■ **What the exercise asks**: Leave the pictures behind and repeat all the entries exactly.

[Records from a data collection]
____________
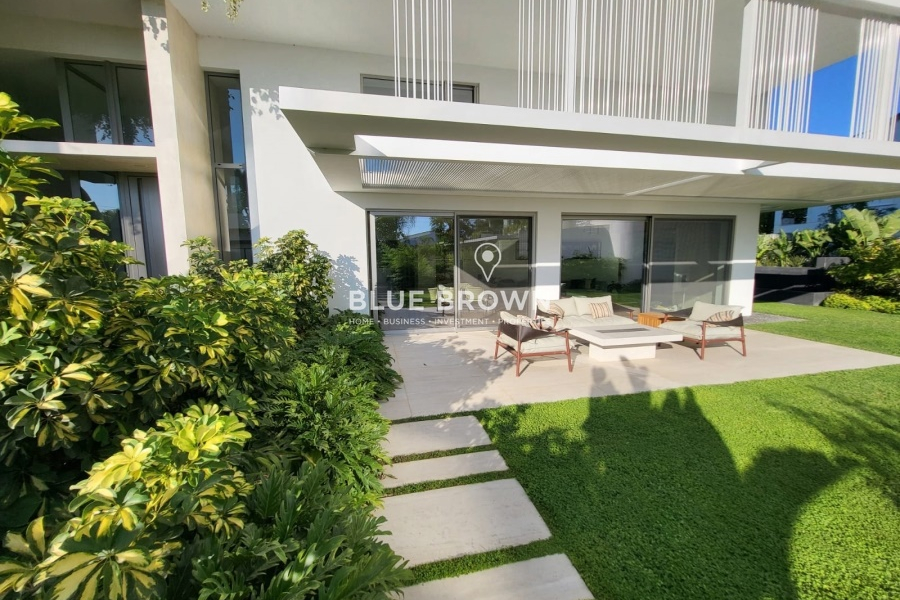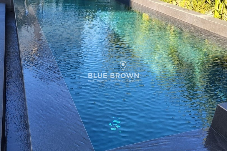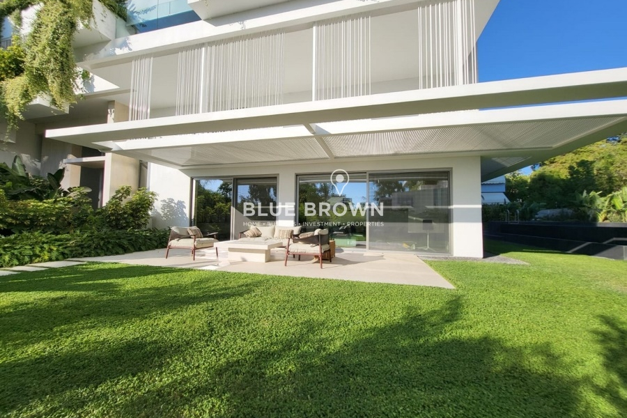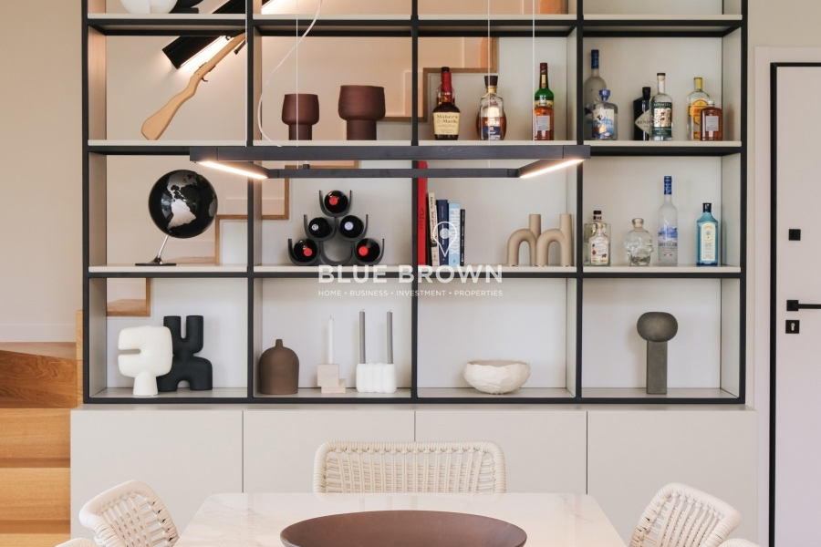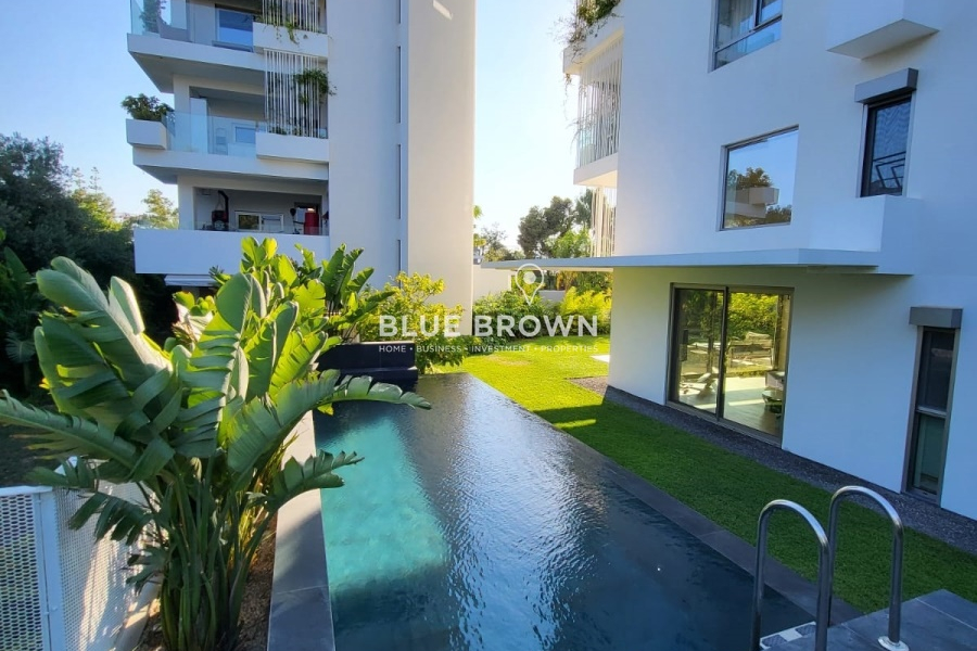 The property features a private-use landscaped garden of 391 sq.m. and a 19 sq.m. private heated swimming pool with a counter-current swimming system, while the complex also offers a 2,500 sq.m. communal garden with a swimming pool.
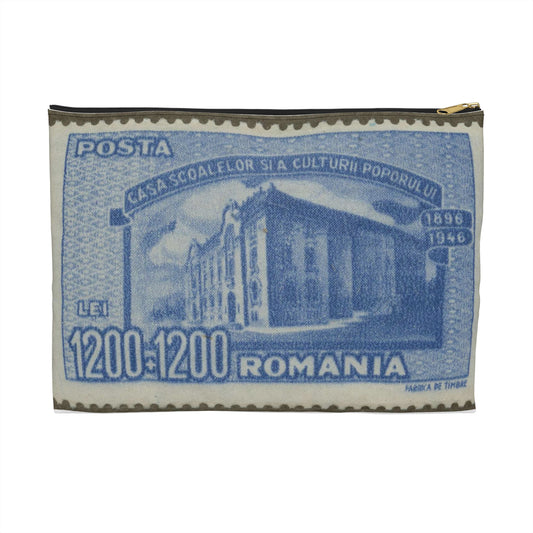 Frimärke ur Gösta Bodmans filatelistiska motivsamling, påbörjad 1950.Frimärke från Rumänien, 1947. Motiv av skola för social undervisning. "Propaganda för folkupplysning". Large Organizer Pouch with Black Zipper
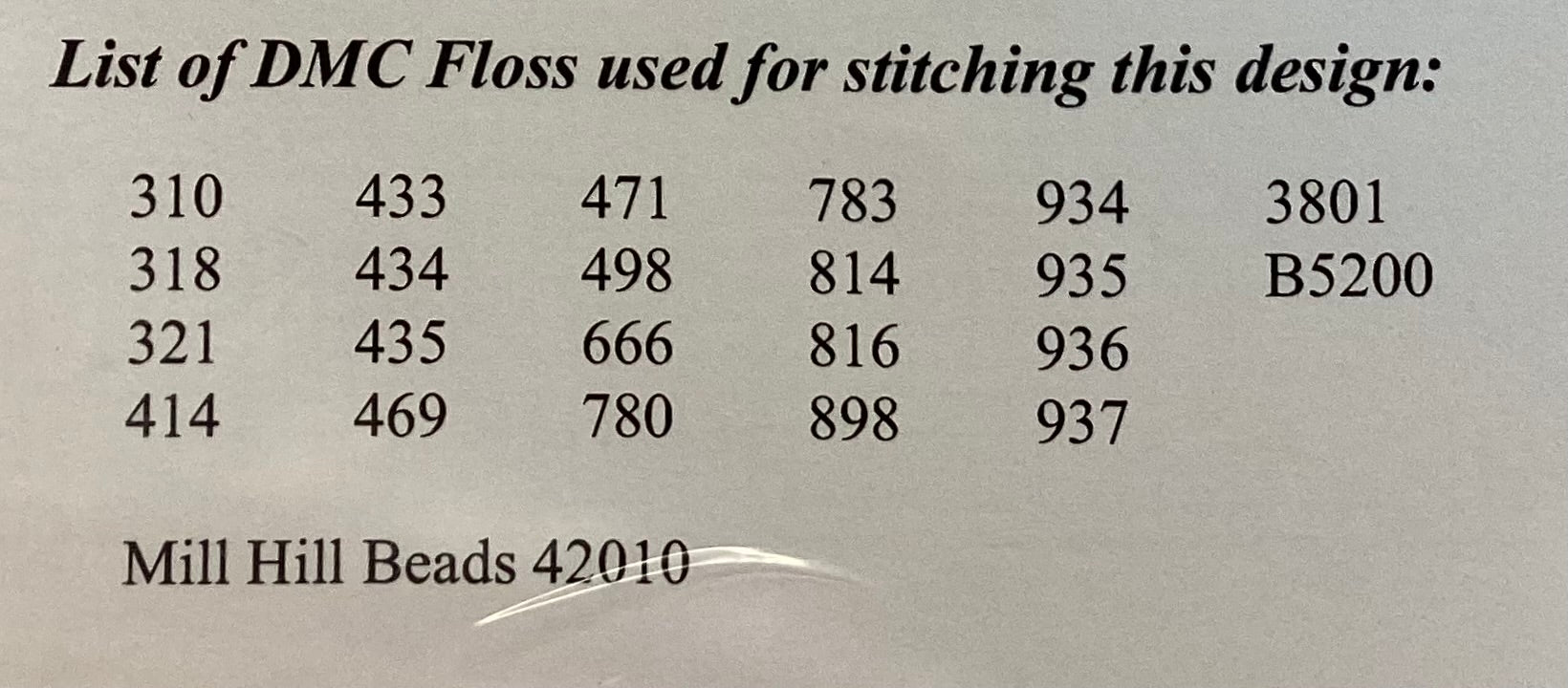 Stitch count: 96 x 108 on 32 count Vintage Smokey White and 32 count Light Ash Gray with white dots both by Zweigart
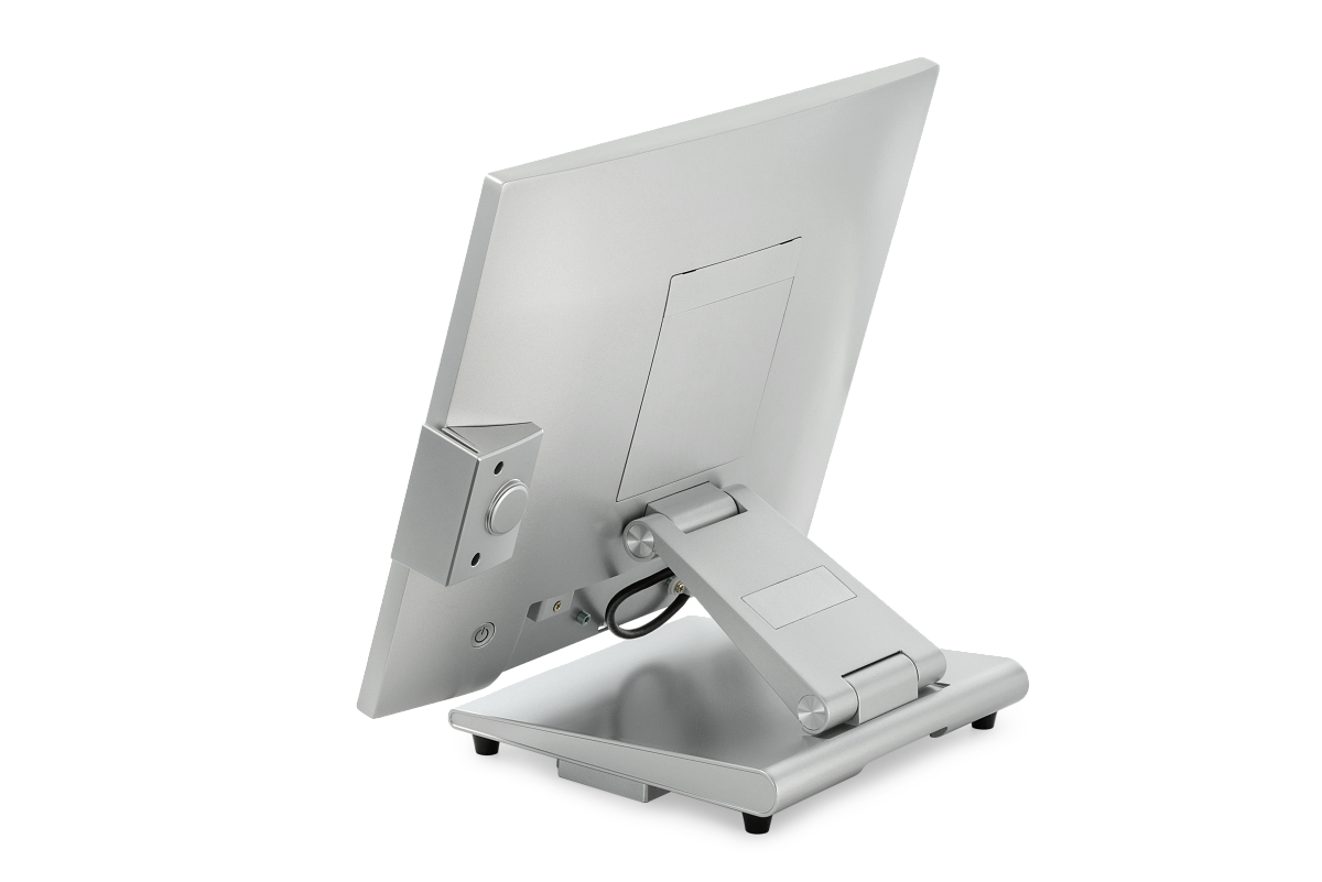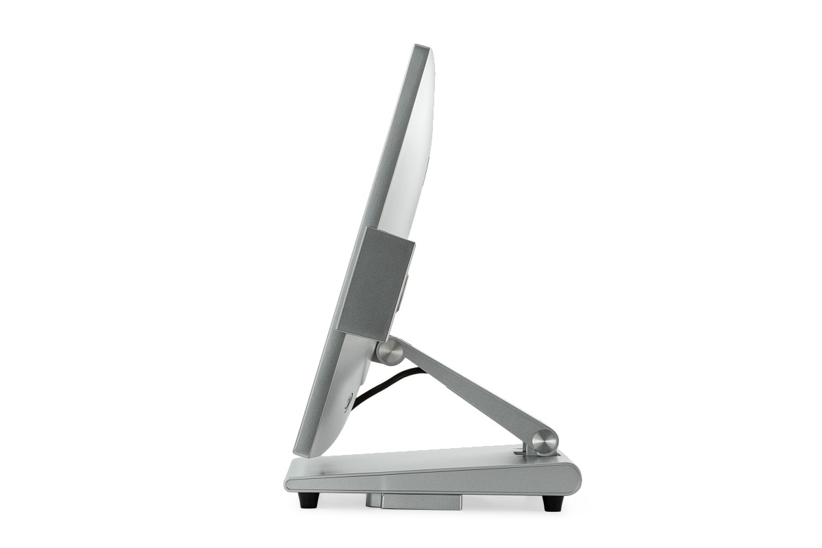Моноблок работает бесшумно, что важно для комфортной и внимательной работы кассиров и официантов. Гибкая эргономичная подставка позволяет наклонять и поворачивать экран, чтобы выставить его в максимально удобное для работы положение. При необходимости, моноблок возможно закрепить на стене.
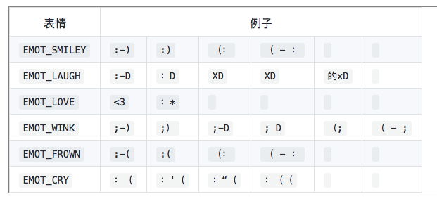 表示快乐的表情对应不同的笑脸,比如":)"、":-)"、": )"、":D"、"=)"等。
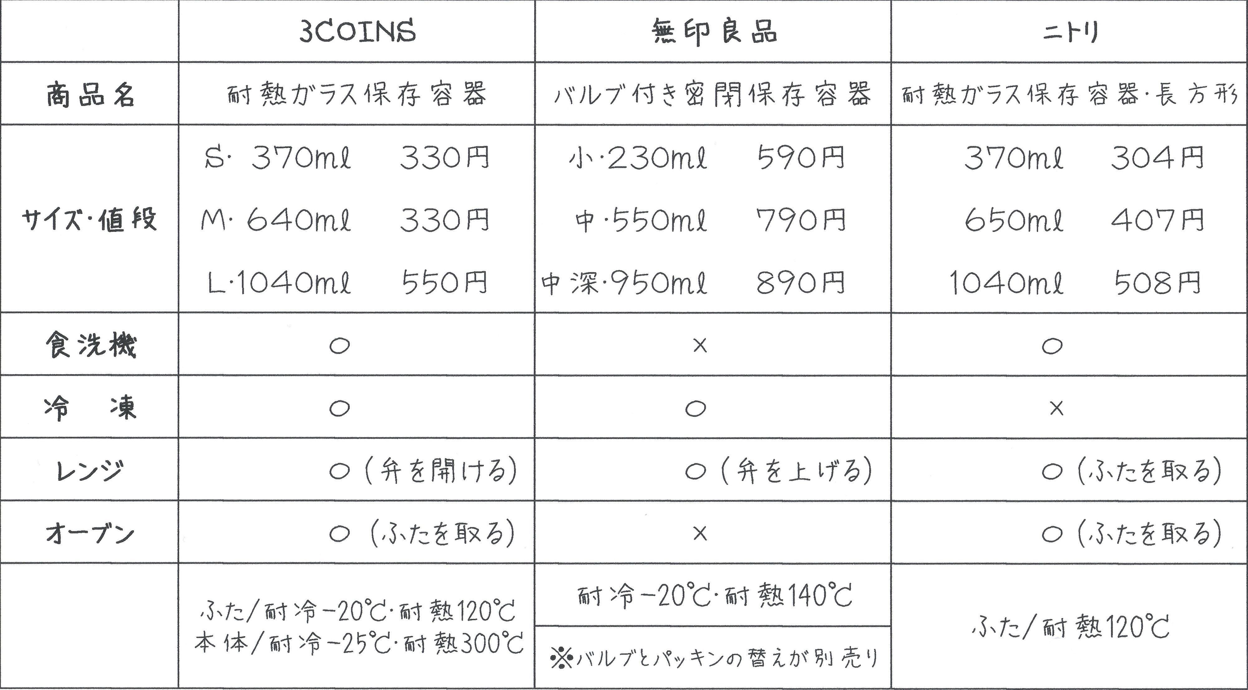 無印やニトリにも耐熱ガラス保存容器があるので、比較してみました。
____________
■ **Written solution**:
 The property features a private-use landscaped garden of 391 sq.m. and a 19 sq.m. private heated swimming pool with a counter-current swimming system, while the complex also offers a 2,500 sq.m. communal garden with a swimming pool.
 Frimärke ur Gösta Bodmans filatelistiska motivsamling, påbörjad 1950.Frimärke från Rumänien, 1947. Motiv av skola för social undervisning. "Propaganda för folkupplysning". Large Organizer Pouch with Black Zipper
 Stitch count: 96 x 108 on 32 count Vintage Smokey White and 32 count Light Ash Gray with white dots both by Zweigart
Моноблок работает бесшумно, что важно для комфортной и внимательной работы кассиров и официантов. Гибкая эргономичная подставка позволяет наклонять и поворачивать экран, чтобы выставить его в максимально удобное для работы положение. При необходимости, моноблок возможно закрепить на стене.
 表示快乐的表情对应不同的笑脸,比如":)"、":-)"、": )"、":D"、"=)"等。
 無印やニトリにも耐熱ガラス保存容器があるので、比較してみました。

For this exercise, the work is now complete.